How Does SGA Love the Ocean? Let Us Count the Waves!

When it comes to promoting environmental awareness, it turns out, we are not oceans apart. On May 25th, SGA, in conjunction with LA City Sanitation, helped prepare and organize the 24th annual Kids Ocean Day Adopt-A-Beach Clean Up at Dockweiler State Beach. The theme for this year’s beach clean up was “Come Together for the Ocean” and that’s what 4,000 Los Angeles students, teachers, and volunteers did.

So was it worth the weeks of preparation and planning, the exhausting day of organizing kids, teachers and volunteers, and the day-long promotion on social and traditional media?  The answer is unequivocally YES!

“I love participating in Kids Ocean Day. Seeing the smiles on the kids when they first get out of the bus really makes it all worthwhile. Those smiles remind me why we do what we do: to protect our environment and create a better place for generations to come,” Carolina Gonzalez, SGA Project Manager.

It was an incredible feat, but in the end, teaching school kids about the adverse impacts of pollution to the oceans and watersheds made it all worth it.  Students apply what they have learned in the classroom by using the beach clean up as a powerful and actionable step towards a healthier environment. The collected trash reduces the amount of non-biodegradable materials entering the oceans.

“Kids Ocean Day is one of my favorite events all year. After studying about ocean and water pollution in school, these kids get to take action about it, while seeing others join together to do it too. For some of these kids, it’s their first time at the beach. It’s great when kids get to see that what they’re learning in the classroom is relevant to the world outside of their school grounds and that they can make a positive change by taking an action as simple as picking up a piece of trash,” Angie Lee, Senior Outreach Specialist.

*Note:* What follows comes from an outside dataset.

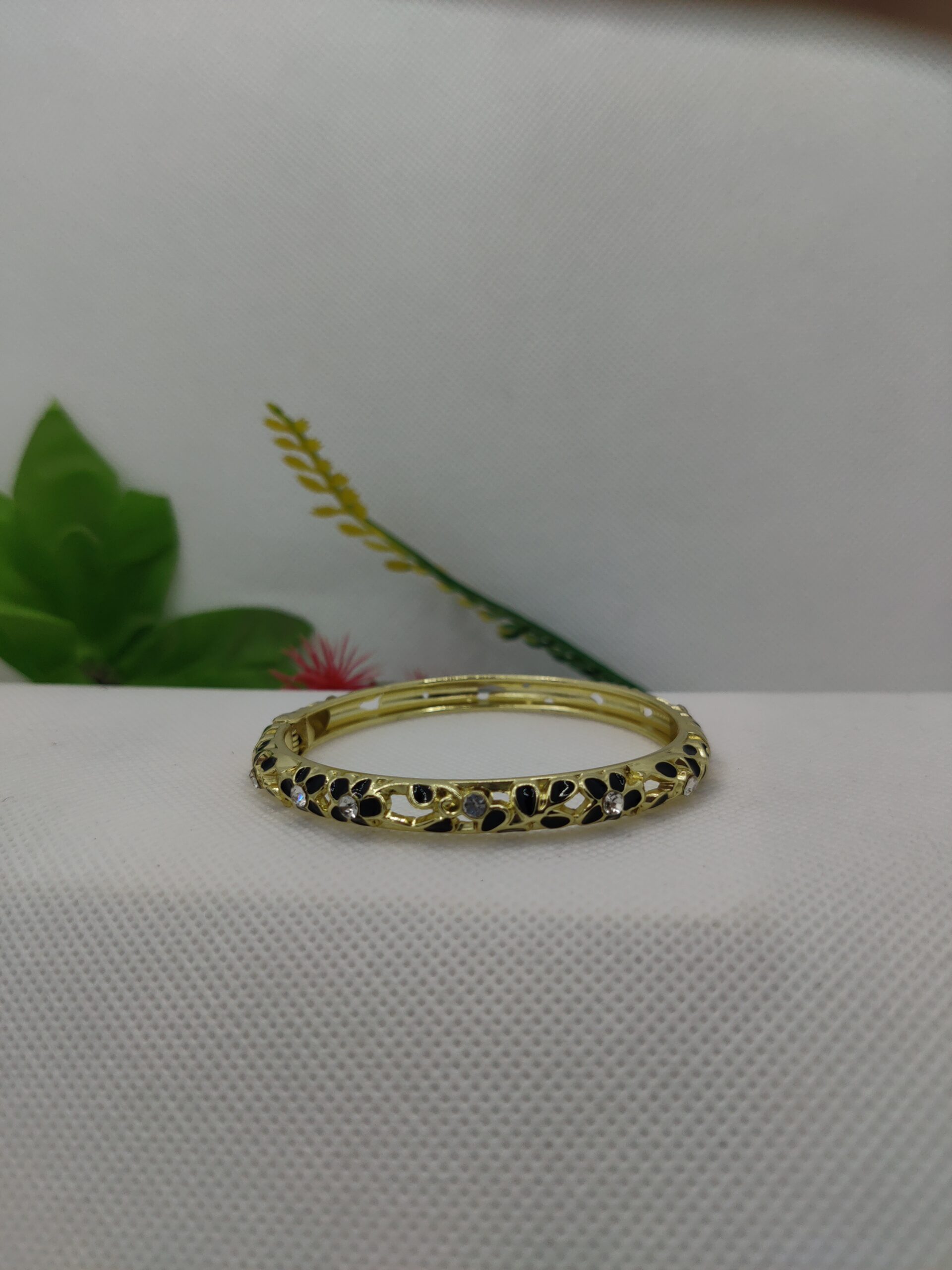 Refined and sophisticated, these gold-toned bangles feature delicate floral cutwork adorned with sparkling embellishments. Designed for modern elegance with a traditional touch, they are perfect for special occasions, festivities, or adding a hint of glamour to everyday wear. A timeless addition to your jewelry collection
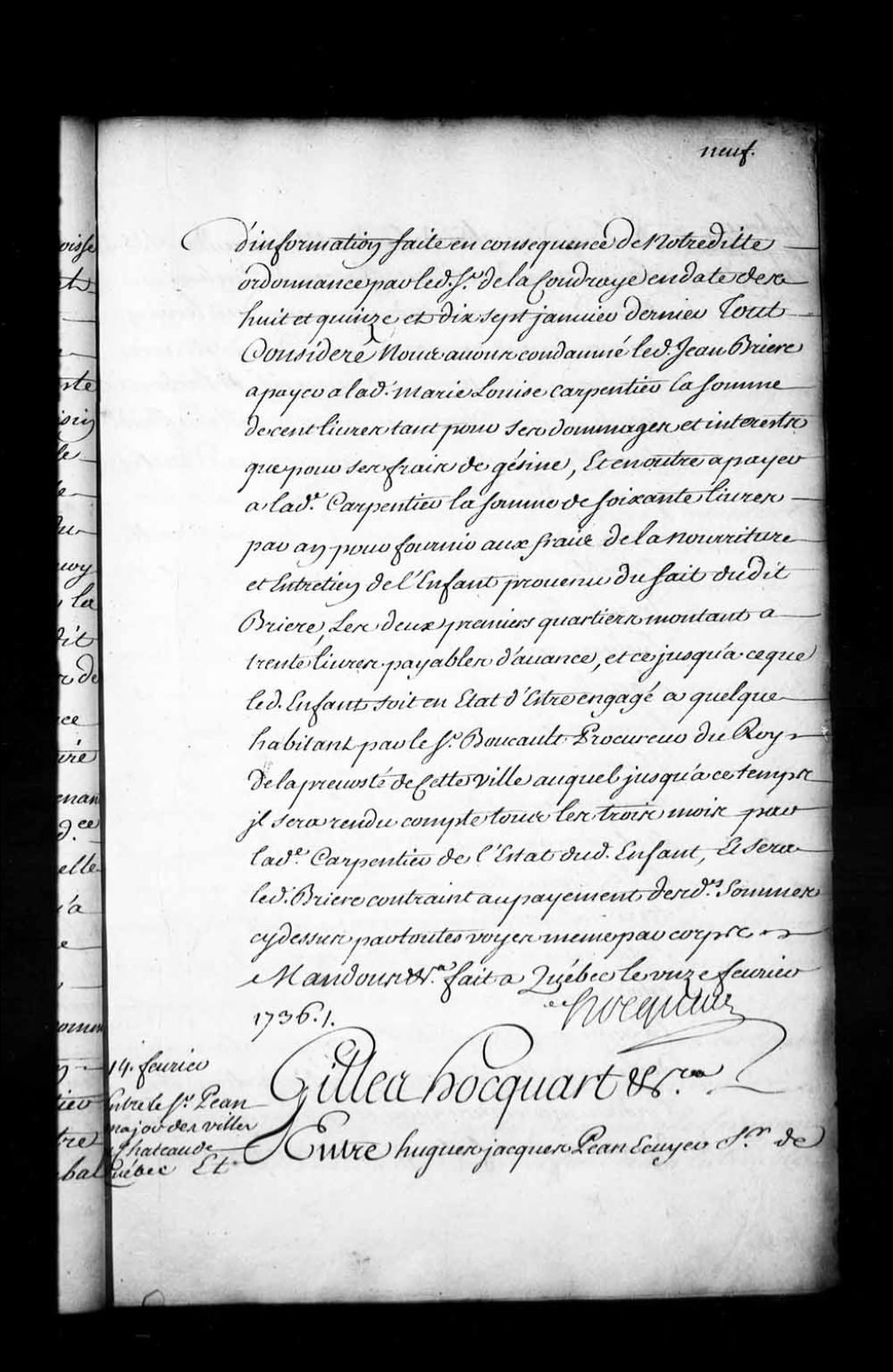 Ordonnance de l'intendant Hocquart entre Hugues-Jacques Péan, sieur de Livaudière, chevalier de Saint-Louis, major des ville et château de Québec, et Hubert-Joseph Lacroix, chirurgien, de Québec, au sujet de la vente du fief Saint-Joseph, 14 février 1736, Archives nationales à Québec, Fonds Intendants, (03Q,E1,S1,D24,P2797).

Education is an essential part of environmental stewardship. In an era where more and more children are disconnected from the environment, it is important to make a real investment in hands-on environmental education and outdoor learning. Studies have shown that environmental education engages students in learning, raising test scores, and encouraging youth to pursue careers in environmental and natural resources. This event gives us the opportunity to  communicate the importance of responsible environmental governance to those who will be doing the governing long into the future.